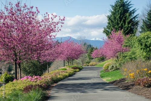 Serene Path with Blooming Cherry Blossom Trees
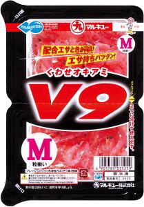 ■冷凍製品 不凍加工 ダブルパック フレッシュパック 鮮やかに赤い「くわせオキアミV9」。「グレパワーV9」などの赤い配合エサと、色で同調するくわせ専用オキアミです。マルキュー独自のハード加工を施し、エサ持ちが抜群...
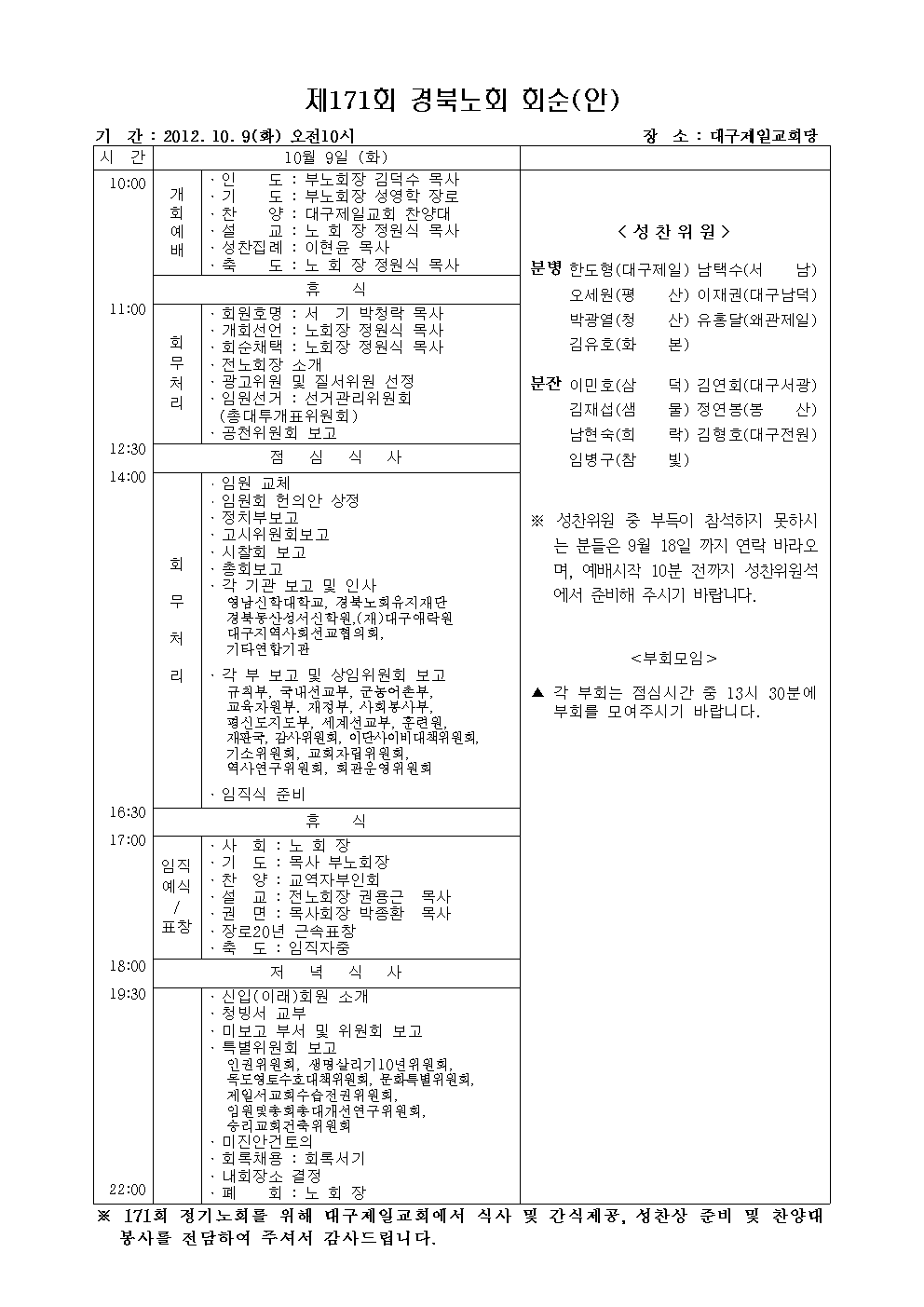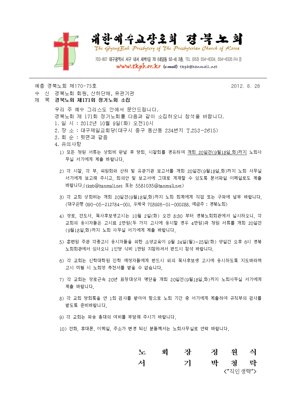 경북노회 제171회 정기노회 소집
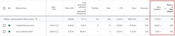 V Google Ads můžete v tabulkách vidět metriky z Analytics. Jde o metriky Délka návštěvy, Míra okamžitého opuštěníPočet stránek za návštěvu. Nemusíte se tak přepínat mezi aplikacemi, abyste analyzovali návštěvnost z klíčového slova či reklamy. K tomu ovšem potřebujete mít obě aplikace propojené.
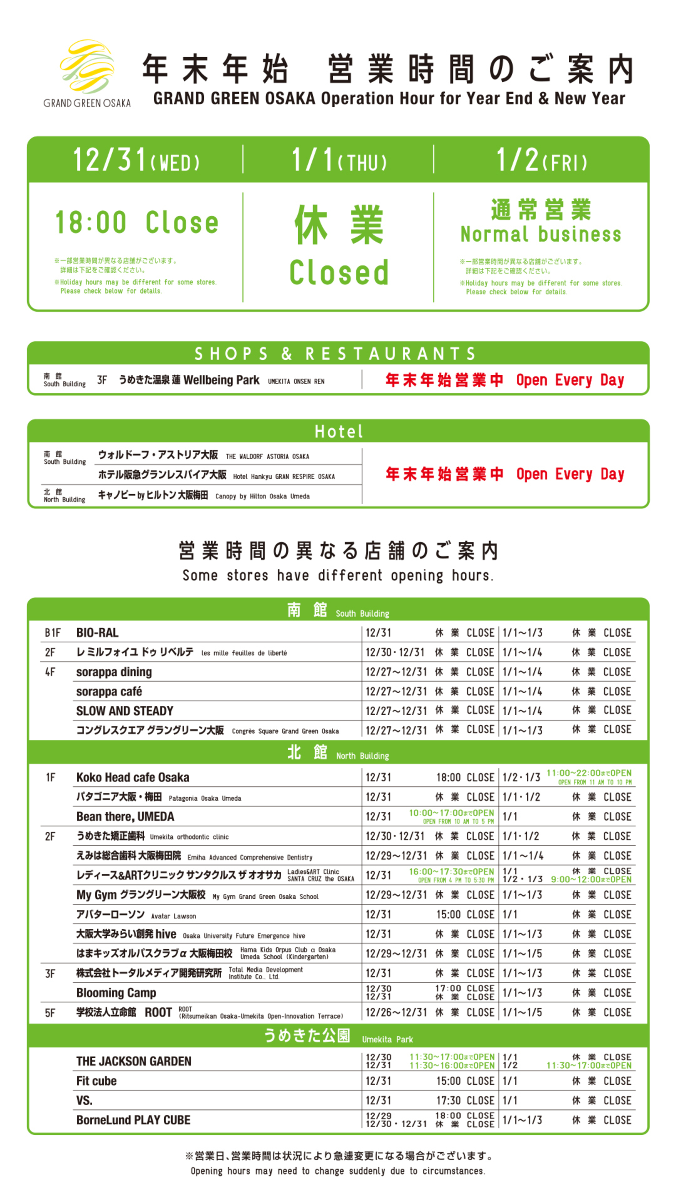 【年末年始】グラングリーン大阪 営業時間のお知らせ
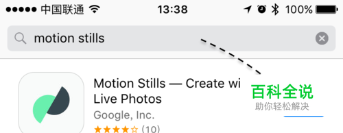 这里以谷歌在 iOS 平台发布的一款名为 Motion Stills 的软件,支持把在 iPhone6s 上所拍摄的 Live Photo 动态照片转换为Gif或视频文件,以便于分享。可以在 App Store 中直接搜索并下载,如下图所示
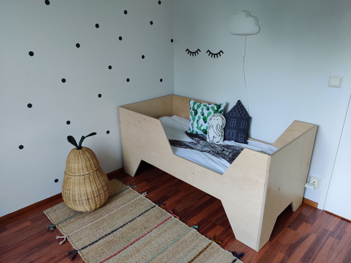 Ylimääräiseksi jäänyt koivuvaneri sai uuden käyttötarkoituksen 3-vuotiaan esikoispoikamme sänkynä. Sänky on vaimoni kanssa yhdessä suunniteltu ja rakennettu vanhempieni autotallissa.
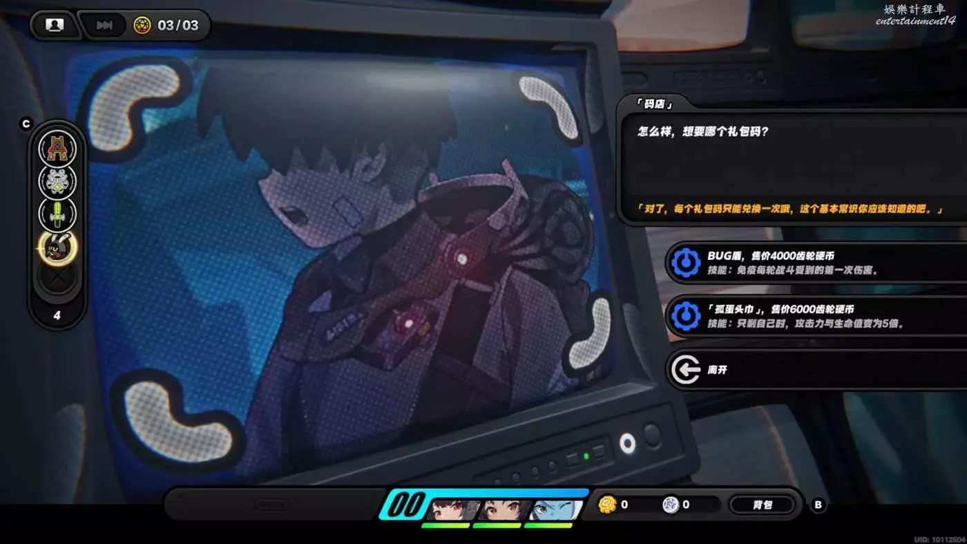 購買禮包碼:BUG盾
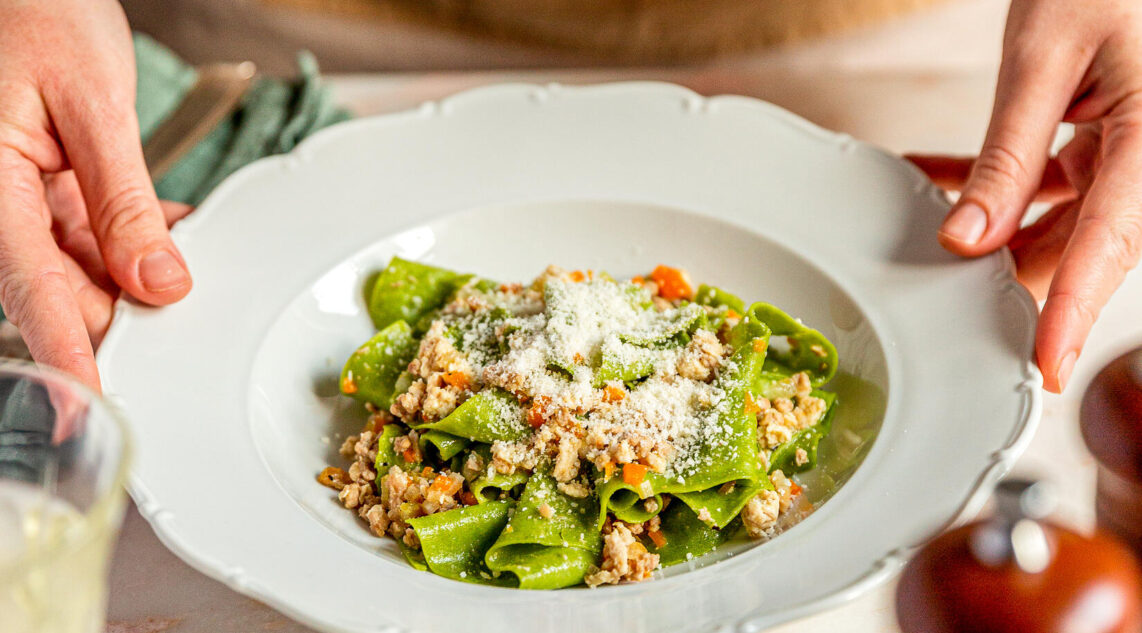 Am besten passt frische Pasta zum weißen Ragù. Da die Sauce selbst nicht viel Farbe mitbringt, bietet sich besonders bunte Pasta an. In diesem Rezept haben wir leuchtend grüne Pappardelle serviert. Gekrönt wurde alles mit extra viel geriebenem Pecorino .

-----

AIM OF THE TASK => In the listing above, find the line with "不凍加工 ダブルパック フレッシュパック" and the line with "这里以谷歌在 iOS 平台发布的一款名为". Output both, plus every line between them, and no pictures.

WRITTEN ANSWER =>
 ■冷凍製品 不凍加工 ダブルパック フレッシュパック 鮮やかに赤い「くわせオキアミV9」。「グレパワーV9」などの赤い配合エサと、色で同調するくわせ専用オキアミです。マルキュー独自のハード加工を施し、エサ持ちが抜群...
 경북노회 제171회 정기노회 소집
 V Google Ads můžete v tabulkách vidět metriky z Analytics. Jde o metriky Délka návštěvy, Míra okamžitého opuštěníPočet stránek za návštěvu. Nemusíte se tak přepínat mezi aplikacemi, abyste analyzovali návštěvnost z klíčového slova či reklamy. K tomu ovšem potřebujete mít obě aplikace propojené.
 【年末年始】グラングリーン大阪 営業時間のお知らせ
 这里以谷歌在 iOS 平台发布的一款名为 Motion Stills 的软件,支持把在 iPhone6s 上所拍摄的 Live Photo 动态照片转换为Gif或视频文件,以便于分享。可以在 App Store 中直接搜索并下载,如下图所示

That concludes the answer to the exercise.